Gamma risk for option writers and naked traders

Selling options creates negative gamma exposure. A call seller (or the seller side of a call spread) has short gamma: as the stock rallies, delta increases but you don’t participate in that increase (you are short the call and short gamma). You are forced to sell rallies and buy declines to rebalance—the opposite of optimal. This is why option sellers must carefully monitor gamma and limit position sizes; unchecked gamma exposure can blow up.

Naked option sellers are particularly vulnerable. A naked call writer (short 100 calls, long 0 shares) is short 5,000 gamma (very roughly). If the stock gaps up 10%, delta instantly jumps to 0.9, and the seller must cover losses and buy shares at any price to hedge. This is how short squeezes happen and why regulators restrict naked option sales to professionals.

Gamma in option pricing models

The Black-Scholes model and other option pricing frameworks compute gamma analytically or numerically. Gamma is the second partial derivative of option value with respect to the underlying price. In simple terms, the formula shows gamma rises with volatility and time-to-maturity (counterintuitively, longer-dated options have lower gamma because the slope is shallower over a wider range), and peaks at the strike. The model confirms the intuition: short-dated ATM options are gamma mines.

Practitioners also use gamma to estimate P&L from realized volatility. If you are long gamma with daily rebalancing, your P&L is roughly 0.5 × gamma × (daily price move)². High realized volatility feeds high gamma P&L. This is the “vol trader’s dream”: you are long vega (betting vol will rise) and you collect gamma P&L when realized vol exceeds the implied vol you paid for the option.

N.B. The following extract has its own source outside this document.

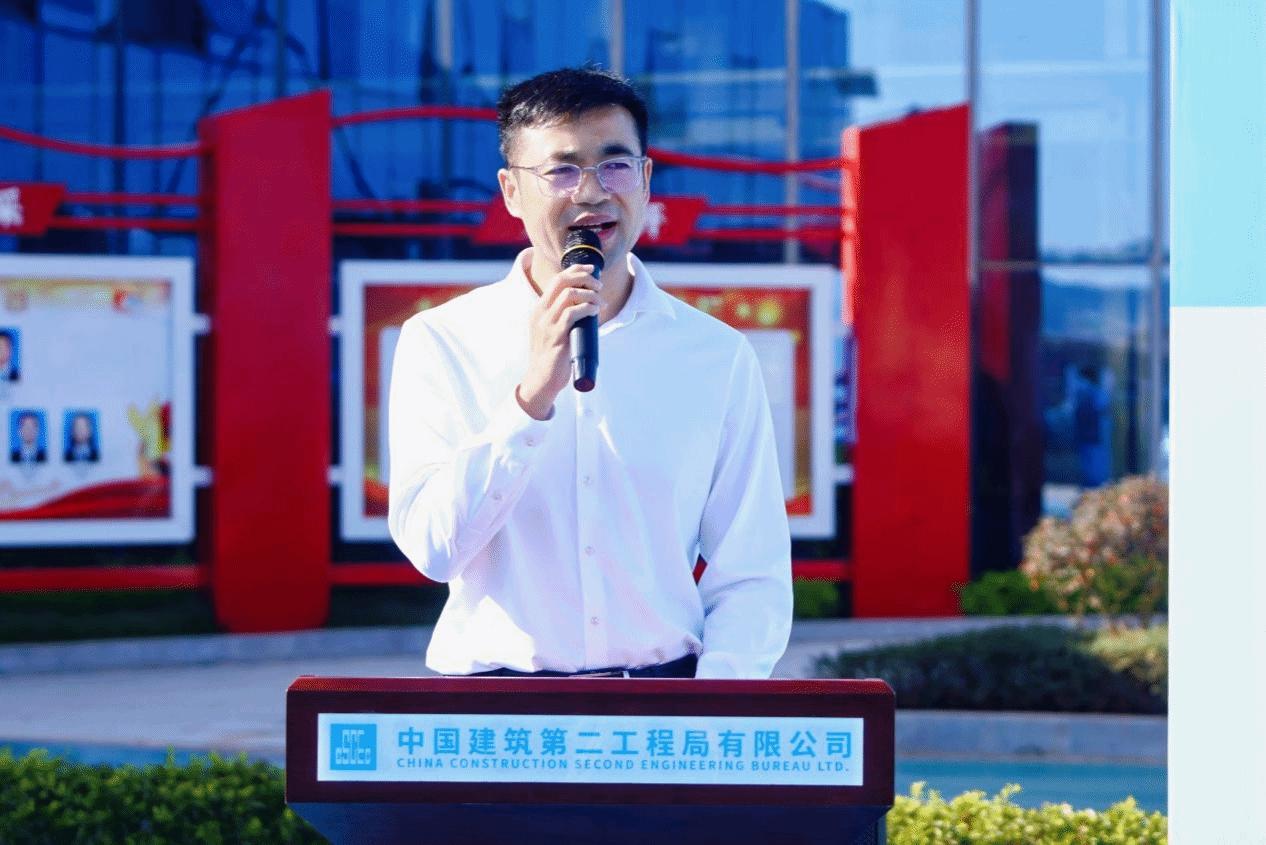 中建二局广西分公司党委副书记、工会主席赵勃在开班仪式上致辞

Practical takeaways for traders and investors

Retail option buyers often overlook gamma decay. Buying a call with low gamma (deep OTM, long time to expiration, or far from strike) feels cheap, but you are paying for time decay without benefiting from gamma convexity. The option decays to worthlessness with little vol cushion. Buying a call with high gamma (ATM, short time to expiration) feels expensive, but you own the convexity—you reap the asymmetric payoff if the stock moves.

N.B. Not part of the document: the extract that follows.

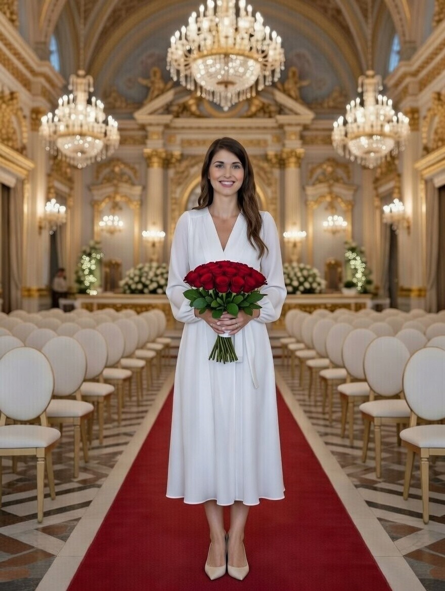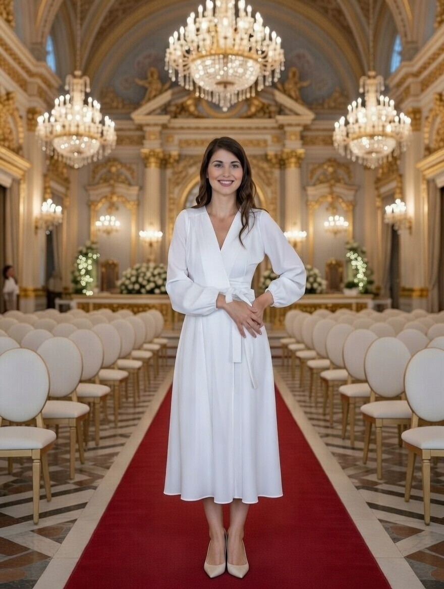 Это потрясающее белое атласное платье — ваш билет в мир королевской роскоши на каждом особом мероприятии!

Portfolio managers hedging long equity positions often short calls to reduce cost. Selling calls creates short gamma exposure, meaning the hedge works less well in market rallies (precisely when you need it most). Collar strategies (long call, short call, long put, short put) are designed to manage gamma risk: you pay for long-put protection by selling expensive calls, balancing gamma costs.